To make a stem and leaf plot of a vector x, you use the code:

#Will only run if x is defined
stem( x )

or if we have a column of a dataframe, we would use:

#Will only run if df is appropriately defined
stem( df$Col )

0.4.4 Data Download

Statistics can be simply thought of as the science of working with data to understand our world. For most people, there is no need to discuss the concepts in a statistics course unless it relates so some sort of data. Getting that data in a way that is easily used can sometimes be tricky and with a myriad of formats out there, modern computing has made this even trickier in some ways. However, we try to minimize this with purple Data Download boxes such as the one below from Example 4.1. These offer code that you can copy and paste which will automatically download the data from the Statypus servers and move it into their RStudio environment.

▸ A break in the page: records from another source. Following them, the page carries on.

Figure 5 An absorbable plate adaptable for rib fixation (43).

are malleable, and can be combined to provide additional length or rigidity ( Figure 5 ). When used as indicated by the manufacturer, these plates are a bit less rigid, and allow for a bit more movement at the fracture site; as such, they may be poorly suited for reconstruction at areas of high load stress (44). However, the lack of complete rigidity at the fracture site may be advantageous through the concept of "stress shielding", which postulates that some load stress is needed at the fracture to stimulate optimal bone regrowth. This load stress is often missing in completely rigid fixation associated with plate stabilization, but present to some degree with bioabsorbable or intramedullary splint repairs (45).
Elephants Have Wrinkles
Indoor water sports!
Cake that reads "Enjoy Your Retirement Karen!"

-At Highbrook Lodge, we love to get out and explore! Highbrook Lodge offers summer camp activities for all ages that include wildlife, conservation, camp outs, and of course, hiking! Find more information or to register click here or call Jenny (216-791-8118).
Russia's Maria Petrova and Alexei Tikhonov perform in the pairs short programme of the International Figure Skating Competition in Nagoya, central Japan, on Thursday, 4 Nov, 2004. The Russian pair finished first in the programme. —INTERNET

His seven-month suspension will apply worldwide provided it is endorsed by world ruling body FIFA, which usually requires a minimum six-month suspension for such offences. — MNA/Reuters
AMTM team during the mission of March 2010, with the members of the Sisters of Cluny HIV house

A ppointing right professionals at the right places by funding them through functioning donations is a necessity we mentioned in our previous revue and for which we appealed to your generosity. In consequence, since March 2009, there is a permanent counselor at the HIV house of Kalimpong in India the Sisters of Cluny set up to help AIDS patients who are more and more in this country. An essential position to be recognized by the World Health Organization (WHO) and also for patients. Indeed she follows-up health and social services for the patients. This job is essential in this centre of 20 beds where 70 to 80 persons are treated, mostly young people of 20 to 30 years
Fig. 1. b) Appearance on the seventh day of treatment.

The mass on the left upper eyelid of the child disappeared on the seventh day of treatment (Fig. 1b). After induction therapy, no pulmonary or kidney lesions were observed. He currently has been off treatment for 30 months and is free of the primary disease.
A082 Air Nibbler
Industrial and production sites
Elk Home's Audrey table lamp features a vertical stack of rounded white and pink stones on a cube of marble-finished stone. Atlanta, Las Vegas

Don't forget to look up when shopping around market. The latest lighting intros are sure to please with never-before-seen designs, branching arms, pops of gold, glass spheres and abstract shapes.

Use the following code to download BabyData1.

BabyData1 <- read.csv( "https://statypus.org/files/BabyData1.csv" )

0.4.5 Example

If mistakes are an important part of learning, then examples are even more important. Blue Example boxes like the one below, Example 4.4, offer us a way keep track when we leave abstract concepts and begin to work on a specific application.

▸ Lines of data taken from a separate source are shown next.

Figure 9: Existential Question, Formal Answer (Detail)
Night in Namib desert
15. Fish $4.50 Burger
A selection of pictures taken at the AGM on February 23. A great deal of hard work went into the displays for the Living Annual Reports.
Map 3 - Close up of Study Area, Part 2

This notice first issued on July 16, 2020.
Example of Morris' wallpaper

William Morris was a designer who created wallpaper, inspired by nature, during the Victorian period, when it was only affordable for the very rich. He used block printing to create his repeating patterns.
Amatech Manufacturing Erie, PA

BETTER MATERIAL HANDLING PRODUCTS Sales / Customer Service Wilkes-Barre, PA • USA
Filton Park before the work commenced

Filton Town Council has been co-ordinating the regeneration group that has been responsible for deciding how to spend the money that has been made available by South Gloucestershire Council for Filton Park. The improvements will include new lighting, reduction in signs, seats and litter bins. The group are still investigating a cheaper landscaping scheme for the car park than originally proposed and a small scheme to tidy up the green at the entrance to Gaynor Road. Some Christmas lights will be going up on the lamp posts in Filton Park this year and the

Example 0.1 If we wanted to find the range of birth masses of babies in our sample, we can do this with the following code.

range( BabyData1$weight )

## [1]  907 4825

This shows us that the smallest baby in our sample had a mass 907 grams while the largest had a mass of 4825 grams.

The range length is thus \(4825 - 907 = 3918\) grams.

0.4.6 Let’s Explore

Most good mathematicians can “see” math happen in their heads. For example, envision two vertical poles situated a certain distance apart. Further imagine that a wire is connected from the top of each pole to the base of the other. The two wires would obviously cross and a simple (at least simple to ask) question would be: “How high is the intersection of the two wires in terms of the distances and lengths of the poles and wires?” If you had a Ph.D. in geometry, you may be able to see this entire image in your head, but most people would need to make a sketch of the figure to understand what is going on. However, this problem requires us to consider the figure where we do not know any of the distances or lengths. Light blue Let’s Explore boxes attempt to offer just such a tool. The exploration below gives an interactive visualization of exactly the problem we just setup here. The answer, however, is left for you to figure out!⁴

0.4.7 New Function

Using computer software such as R requires us to use functions that are built into its system. Pink New Function boxes like the one below from Section 5.1 give a place to begin your understanding of how these software functions work. They are meant to offer the important information about the function and how to use it before we begin to actually enter values or data into them.

The syntax of plot is

plot( x, y, type )

where the arguments are:

type: Sets what type of plot should be drawn. See ?plot for a full list of options

The first vector entered, x, is graphed on the horizontal axis and the second vector entered, y, is graphed on the vertical axis.

0.4.8 New Functions

Each chapter begins with a list of the new functions it will introduce with a pink New Functions box like the one found at the beginning of Chapter 3. This offers students (and instructors) a quick place to reference where different functions were introduced. Functions in these boxes should be in the order that they appear within the text.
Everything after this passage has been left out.